━━━━━ Data excerpt ━━━━━

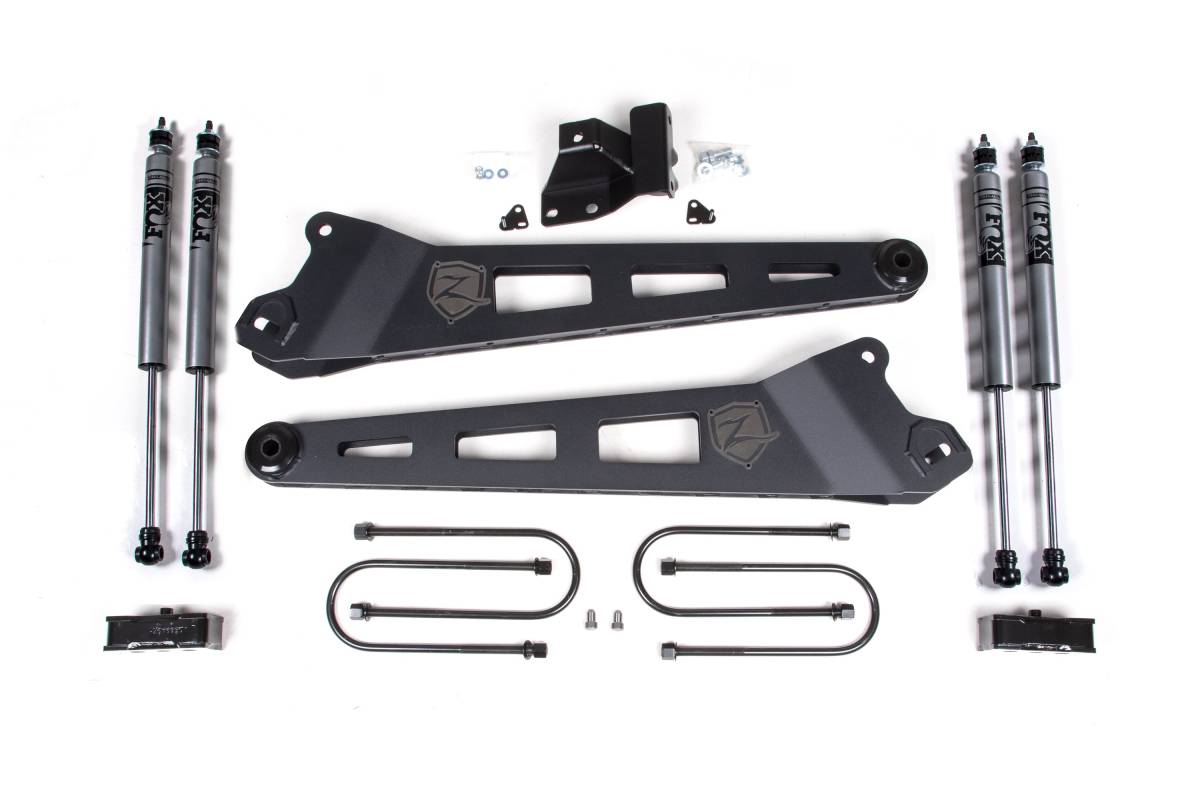 Up front, progressive rate coil springs are engineered to support the added weight of the diesel platform. Zone Offroad replacement fabricated radius arms correct caster after lifting and improve suspension geometry and long-term durability. A track bar relocation bracket re-centers the axle for optimal steering precision and alignment. Sway bar links and brake line brackets are also included.
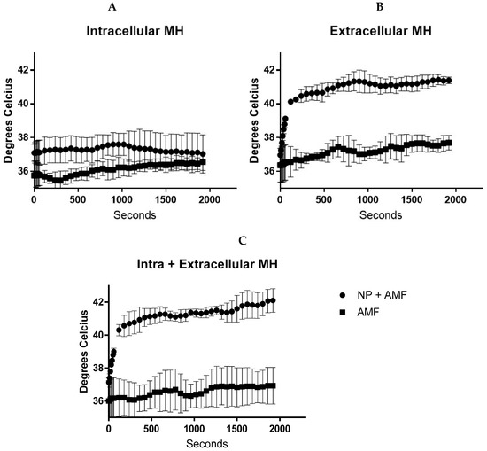 Temperature graphs of magnetic hyperthermia with BxPC-3 cells. Intracellular and magnetic field only cells remained at biologically viable temperatures (A). Extracellular nanoparticles successfully generated temperatures required for mild hyperthermia (B) and (C). Abbreviations: NP, nanoparticles; MH, magnetic hyperthermia; AMF, alternating magnetic field.
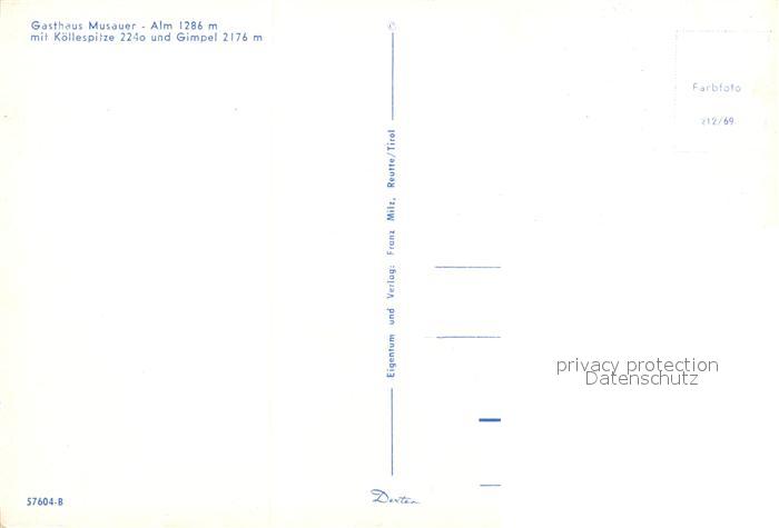 73169797 Musau Tirol Gasthaus Musauer Alm Koellespitze Gimpel postalisch nicht gelaufen Erhaltung siehe scans [KathaD81] KatCode: 11390331070822

━━━━━

## Instructions for the task
Set down again, exactly, the lines from the one with "Temperature graphs of" to the last line of the data, both included and pictures excluded.

## Task result
 Temperature graphs of magnetic hyperthermia with BxPC-3 cells. Intracellular and magnetic field only cells remained at biologically viable temperatures (A). Extracellular nanoparticles successfully generated temperatures required for mild hyperthermia (B) and (C). Abbreviations: NP, nanoparticles; MH, magnetic hyperthermia; AMF, alternating magnetic field.
 73169797 Musau Tirol Gasthaus Musauer Alm Koellespitze Gimpel postalisch nicht gelaufen Erhaltung siehe scans [KathaD81] KatCode: 11390331070822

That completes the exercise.